U.S. Equity Liquidity in the Covid-19 Crisis

By Hitesh Mittal, Founder & CEO; Nigam Saraiya, Head of Product; and Kathryn Berkow, Senior Researcher at BestEx Research

INTRODUCTION
In this paper, we study the impact of the ongoing COVID-19 crisis on US equity market liquidity. We compare spread costs, market impact costs, intraday market conditions, and market resilience during the crisis and under normal market conditions. We hope this will help institutional investors and other market participants navigate these challenging conditions more easily. “Liquidity” refers to the difficulty of buying or selling an asset, but investors often confuse liquidity with “volume” (a decent proxy) but there are other factors at play such as volatility, leverage available to liquidity providers, and market resiliency. For smaller trades the cost of liquidity is the bid-offer spread, which an investor can pay to execute up to the shares available at the NBBO (referred to as “NBBO depth” here). Since both spreads and depth are affected in a crisis period, we study the normalized bid-offer spread, comparing the estimated spread for fixed depth before and after the COVID-19 crisis began. For orders larger than the NBBO depth, institutional investors realize market impact costs in addition to the bid-offer spread. We study the market impact costs for varying
order sizes and participation rates. We also report on changing intraday liquidity dynamics to help investors optimize execution throughout the day.

EXECUTIVE SUMMARY

1. Spreads have increased significantly and NBBO depth has declined. Normalized spread costs are up 7.2 times for S&P 100 stocks, 4.1 times for Russell 2000 stocks. For a fixed, typically available amount of liquidity in
normal trading conditions, the average cost during the COVID-19 crisis period for S&P 100 stocks is 20.5 basis points, compared to the usual 2.9bps.
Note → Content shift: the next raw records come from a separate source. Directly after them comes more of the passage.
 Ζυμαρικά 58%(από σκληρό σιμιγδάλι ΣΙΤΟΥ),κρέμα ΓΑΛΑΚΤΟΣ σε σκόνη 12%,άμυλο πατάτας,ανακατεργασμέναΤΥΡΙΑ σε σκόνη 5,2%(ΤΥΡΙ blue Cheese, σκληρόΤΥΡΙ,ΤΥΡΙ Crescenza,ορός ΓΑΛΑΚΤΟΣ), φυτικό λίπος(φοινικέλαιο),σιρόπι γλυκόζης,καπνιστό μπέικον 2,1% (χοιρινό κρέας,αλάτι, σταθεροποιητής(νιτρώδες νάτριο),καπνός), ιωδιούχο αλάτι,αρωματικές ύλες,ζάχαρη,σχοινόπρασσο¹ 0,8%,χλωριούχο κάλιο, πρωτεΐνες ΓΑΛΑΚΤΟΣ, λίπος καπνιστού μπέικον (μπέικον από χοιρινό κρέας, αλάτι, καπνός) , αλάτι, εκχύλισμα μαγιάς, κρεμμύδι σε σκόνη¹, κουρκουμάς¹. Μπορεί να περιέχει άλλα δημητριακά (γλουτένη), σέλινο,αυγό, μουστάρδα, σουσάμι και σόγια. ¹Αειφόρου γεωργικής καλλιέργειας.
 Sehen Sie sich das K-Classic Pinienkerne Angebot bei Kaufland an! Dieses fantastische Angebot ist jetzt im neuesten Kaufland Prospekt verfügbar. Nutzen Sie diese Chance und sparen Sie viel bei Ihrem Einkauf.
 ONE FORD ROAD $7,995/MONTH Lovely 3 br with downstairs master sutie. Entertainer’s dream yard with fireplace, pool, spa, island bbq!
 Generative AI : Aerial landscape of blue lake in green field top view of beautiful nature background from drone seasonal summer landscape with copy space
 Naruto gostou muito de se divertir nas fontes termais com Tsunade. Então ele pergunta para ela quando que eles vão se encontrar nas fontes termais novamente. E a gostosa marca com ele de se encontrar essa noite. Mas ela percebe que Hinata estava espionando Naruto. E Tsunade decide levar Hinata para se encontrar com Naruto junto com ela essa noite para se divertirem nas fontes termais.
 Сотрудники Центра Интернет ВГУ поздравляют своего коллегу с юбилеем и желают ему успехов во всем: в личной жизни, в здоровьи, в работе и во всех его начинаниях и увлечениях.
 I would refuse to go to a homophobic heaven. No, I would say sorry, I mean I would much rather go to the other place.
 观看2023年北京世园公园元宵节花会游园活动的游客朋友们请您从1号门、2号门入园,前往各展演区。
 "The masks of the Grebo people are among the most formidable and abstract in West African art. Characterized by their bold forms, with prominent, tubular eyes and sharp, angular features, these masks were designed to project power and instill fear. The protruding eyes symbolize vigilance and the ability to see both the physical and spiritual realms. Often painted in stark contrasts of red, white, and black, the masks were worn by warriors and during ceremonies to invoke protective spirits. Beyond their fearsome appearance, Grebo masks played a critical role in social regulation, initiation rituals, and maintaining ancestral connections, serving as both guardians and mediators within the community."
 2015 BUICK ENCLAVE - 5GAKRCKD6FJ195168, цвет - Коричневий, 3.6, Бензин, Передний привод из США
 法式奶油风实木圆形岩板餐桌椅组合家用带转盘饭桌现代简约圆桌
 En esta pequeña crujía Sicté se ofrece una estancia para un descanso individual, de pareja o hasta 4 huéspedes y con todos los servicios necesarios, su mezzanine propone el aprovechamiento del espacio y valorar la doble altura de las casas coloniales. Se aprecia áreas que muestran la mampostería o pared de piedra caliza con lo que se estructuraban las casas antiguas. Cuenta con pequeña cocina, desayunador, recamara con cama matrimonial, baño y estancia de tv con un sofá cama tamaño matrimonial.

2. Investors should pay special attention to their speed of execution and order size relative to average daily volume. Realized market impact costs have increased significantly. The realized market impact of trading 2% of volume today is equivalent to trading at 10% of the volume in normal conditions for S&P 100 stocks. These costs come in addition to the higher bid-offer spread costs. Systematic asset managers should review pre-trade cost estimation models used during portfolio construction, and all asset managers should review rule-based order size limits that are typically specified as a percent of average daily volume.

3. Investors should pay special attention to the first thirty minutes of the day. While the first thirty minutes have always been relatively costly to traders, the cost of execution before 10:00am has gone up significantly. For S&P 100 stocks, spreads have increased from 6.8bps to 29.3bps in the first thirty minutes, and for Russell 2000 constituents, spreads have increased from 106.5bps to 378.4bps, on average.

4. The number of times the Limit Up Limit Down mechanism has paused trading in stocks has gone up exponentially. Institutional traders should pay attention to the rules related to LULD and ensure that the execution algorithms handle LULDs well and do not exacerbate poor conditions during the limited execution horizon remaining after stocks trigger these limits.